Kitted out like cave explorers
Mutzner makes her measurements by taking samples at regular intervals, a task performed by a sampling device the size of a refrigerator that is connected to the wastewater flow by a hose. But actually obtaining the data isn’t always so easy. So Mutzner also works with so-called passive samplers. These look like small scraps of paper that have been clamped between two metal plates. The paper absorbs the pollutants, which can later be analysed in the laboratory. In order to install these samplers, Mutzner has to go down into the overflow basin. It’s like exploring a cave. She’s kitted out with a helmet, a safety harness and a gas warning device before descending into the shaft. “The warning device tells you if there’s an increase in the level of CO2 or other gases that could be dangerous for us”, she says.
The shaft leads into a kind of air raid shelter for toddlers, with a ceiling height of some four feet. The only way to get through it is to squat. There’s a tart note of rancid wine in the air. Mutzner reaches an anchorage point and screws the metal plates onto it. “The next time it rains, this whole space will be full to the brim with sewage”. The passive collectors will also be swamped. This excursion into the depths shows just how difficult it can be to engage in wastewater research.

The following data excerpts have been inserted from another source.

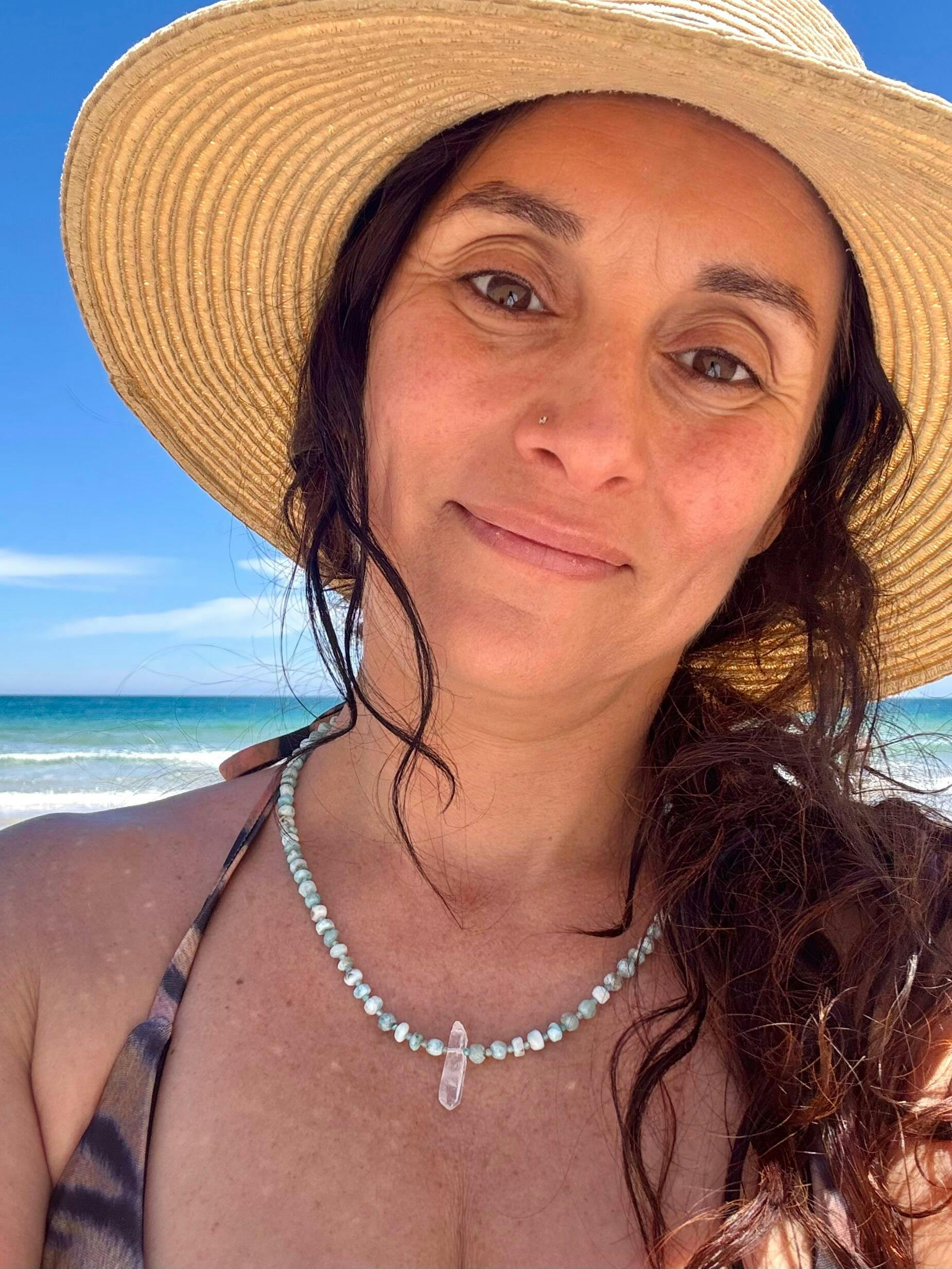 Wearing this necklace activates your remembrance of Lemurian lifetimes and the sacred knowledge you carried as a priestess. The Clear Quartz point acts as a crystalline antenna, amplifying your ability to channel higher frequencies and embody the sacred harmony of the Lemurian light.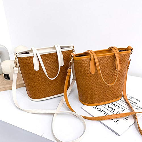 Strandtas, strandtassen for vrouwen, strozakken for vrouwen, geweven strandtas, 1 st veelzijdige schoudertas modieuze handtas dames opbergzak geweven tas (Color : Brown)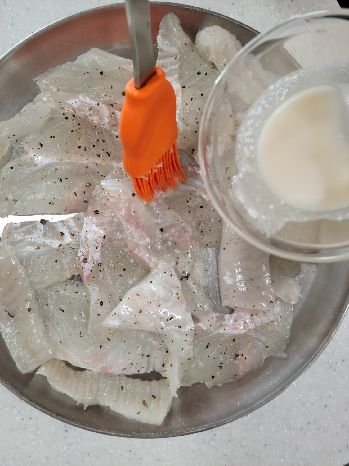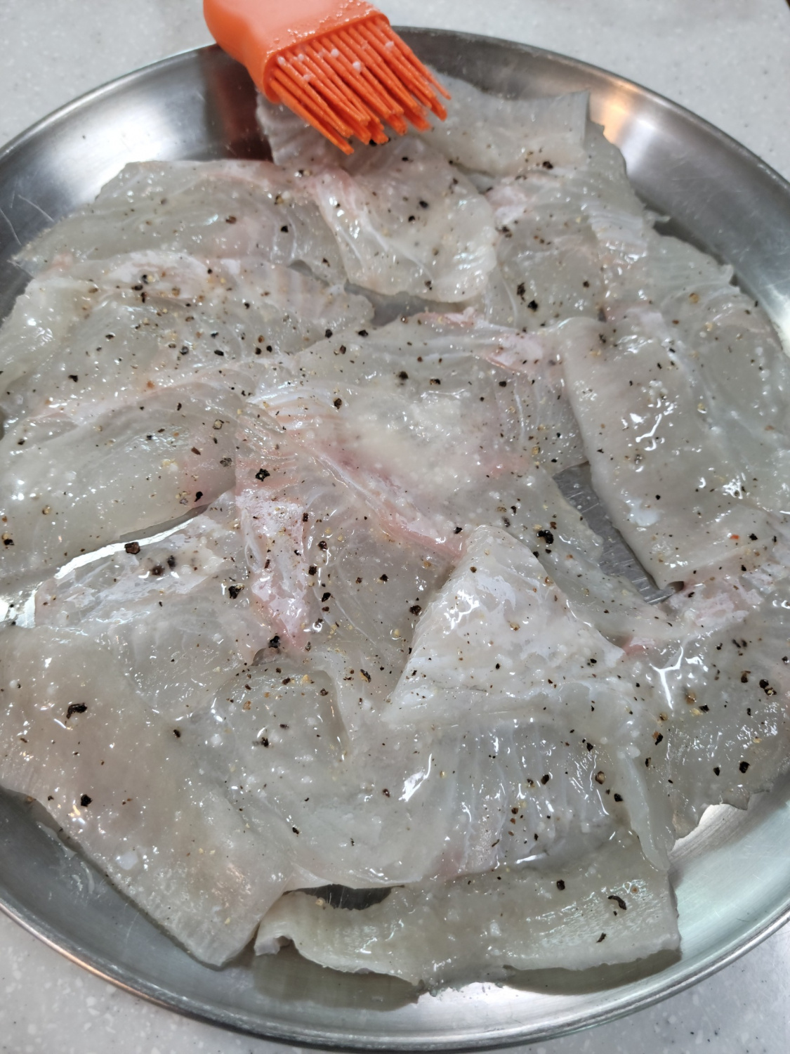 Aplique levadura de sal de un lado a otro sobre la superficie de la grasa de pescado (Puede usar jengibre o jugo de especias).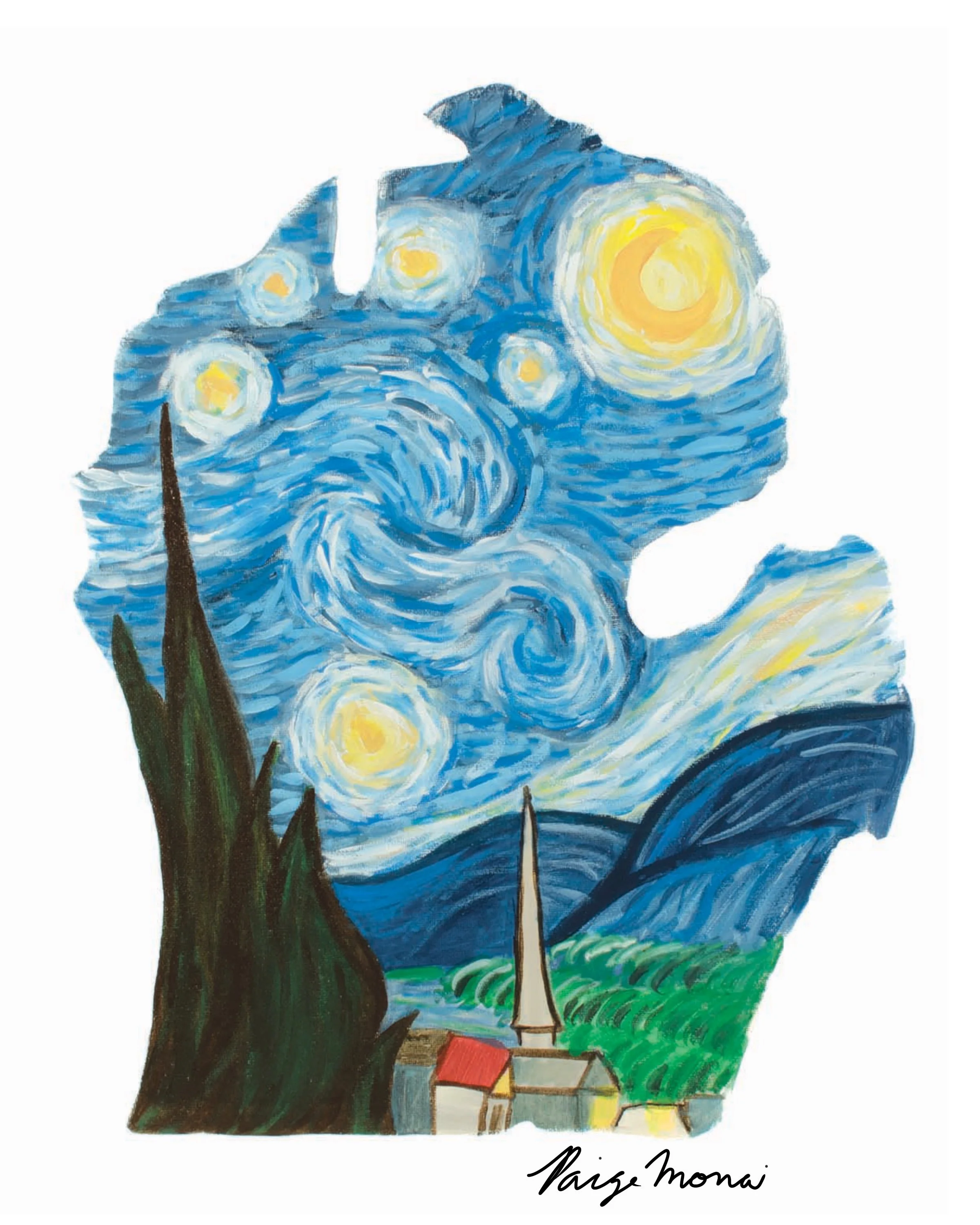 This painting started with a journey. I moved from one of the largest cities in the country to a small town in Michigan in 2025. When I arrived I was struck by the natural beauty and calm. Everyone that I’ve met here made me feel so welcome. The sense of belonging, peace, and home inspired me to create this painting. One of my Favorite paintings is Starry Night by Vincent Van Gogh. I always feel at peace when I see it and so it felt right to combine that feeling with how I feel about my new home.

“You need protective equipment and the right materials, and you need to know how to move around safely underground”, says Rieckermann. “We here have a unique opportunity to make all of this knowledge available to a global research community”. Since it was set up, experts from half a dozen countries have already worked in Fehraltorf’s outdoor laboratory, coming variously from Germany, England, Austria and China.
Every now and then, a product developed at Uwo manages to make the leap onto the international market. Christian Ebi is the team’s electronics engineer and he explains the ‘Squid’ to us. It’s a plastic ball about the size of an orange that can float and is packed with electronics and sensors to measure the temperature, acidity and conductivity of wastewater. “We drop these balls into the sewer from above, and fish them out again down by the sewage treatment plant”, he says.
They record data as they travel through the underground sewers. The international wastewater and recycling company Suez now uses them to inspect the sewer networks of different cities for leaks, and to investigate the volume of discharges and their nutrient content. They’re making an important contribution to the safety of people and the environment – and it all began underground in Fehraltorf.